Three reasons contribute to expensive healthcare prices in the U.S. These include physician salaries, administrative costs, and prescription drug prices. On average, a general physician earns an average salary of $218,173 annually. Meanwhile, physician salaries in other countries ranged from $86,607 to $154,126. These figures show that physician salaries in the U.S. are significantly higher than in other countries.

Along with the rising drug prices and administrative costs, these three factors contribute to the expensive healthcare cost in the U.S.

Realizing the need for affordable medical care, companies offer paid clinical research trials for patients struggling with medical conditions. By participating in a clinical trial, the patient can access medical care and facilities that aim to evaluate a new medical intervention. In return, the patient will receive a payment depending on the phase of the trial.

Clinical trials are a few initiatives done by the medical community to make healthcare accessible to everyone. They work best for patients who cannot afford healthcare services.

High administrative costs

The U.S. operates in a complex multi-payor system. This means that different payors are financing the healthcare costs. With plenty of stakeholders involved, the process becomes complicated for the healthcare administration.

One reason that contributes to cost inefficiencies is excessive administrative spending, such as billing and insurance-related (BIR) costs. These overhead costs include payment processing, claims reconciliation, and claims submissions. Insurance companies come in as they take the largest share of the BIR costs. Simultaneously, healthcare providers receive their share of the administrative costs for their role in the medical billing process.

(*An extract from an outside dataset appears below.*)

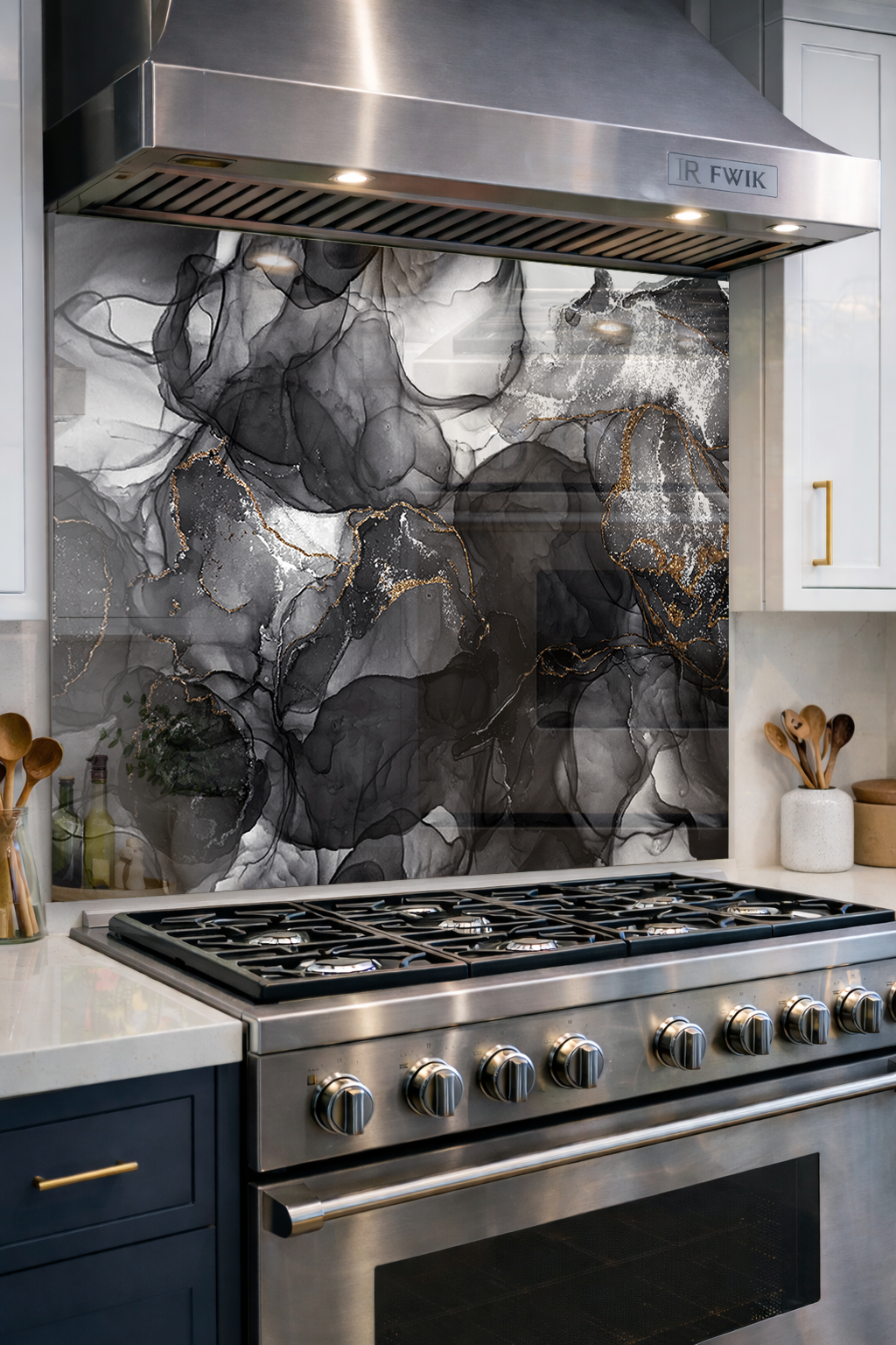 Premium Mutfak Cam Ocak Arkası Koruyucu Tezgah Ankastre Arkası Koruyucu | Siyah Beyaz Tasarım

According to McKinsey & Company, using automation and streamlining BIR processes can reduce administrative spending by 30%. Instead of relying on human labor, using technologies such as claims processing software can speed up the process, decrease cost, and increase payor productivity.

pile of pills

Expensive drug prices

Precision medicine and specialty pharmaceuticals play a huge role in the high cost of prescription drugs in the U.S. Specialty drugs resulted from experimental therapies that aim to treat chronic conditions, cancers, and autoimmune diseases. Pharmaceutical companies conduct therapies that use important genetic data and complicated procedures to carry out a highly targeted and personalized treatment.

Because of the complex development and distribution of prescription drugs, pharmaceuticals turn to drug pricing strategies. Drug manufacturers do this by creating a price list based on a drug’s estimated value. In turn, manufacturers adjust the price list depending on the drug demand. Unfortunately, the U.S. has few regulations to prevent manufacturers from raising drug prices.

Increase in chronic disease cases

In the U.S., six out of ten adults are suffering from chronic diseases or serious conditions. These include stroke, cancer, diabetes, heart disease, and pulmonary disease.

Since chronic illnesses require long-term medical support, a condition may limit patients from performing regular activities. Depending on the complexity of the condition, the hospital may subject the patient to home healthcare. Because of intensive support services, caring for chronic disease patients becomes more complex while spending goes toward medical services. These include emergency care, outpatient treatments, routine visits, and drug prescriptions.

That is why medical experts often associate the treatment of chronic health conditions with high healthcare costs. But when patients delay care, they are increasing the risk of acquiring life-threatening complications. Meanwhile, those who invest in finding treatment are likely to develop long-lasting side effects. As a result, the long-term management of these side effects can also contribute to costly health expenditures.

It is no secret that the U.S. has the highest cost of healthcare system than any other country. As a patient, you have to know your options to gain access to affordable healthcare medications. Until then, physicians, legislators, and policymakers should work together to provide U.S. citizens with better access to affordable healthcare systems.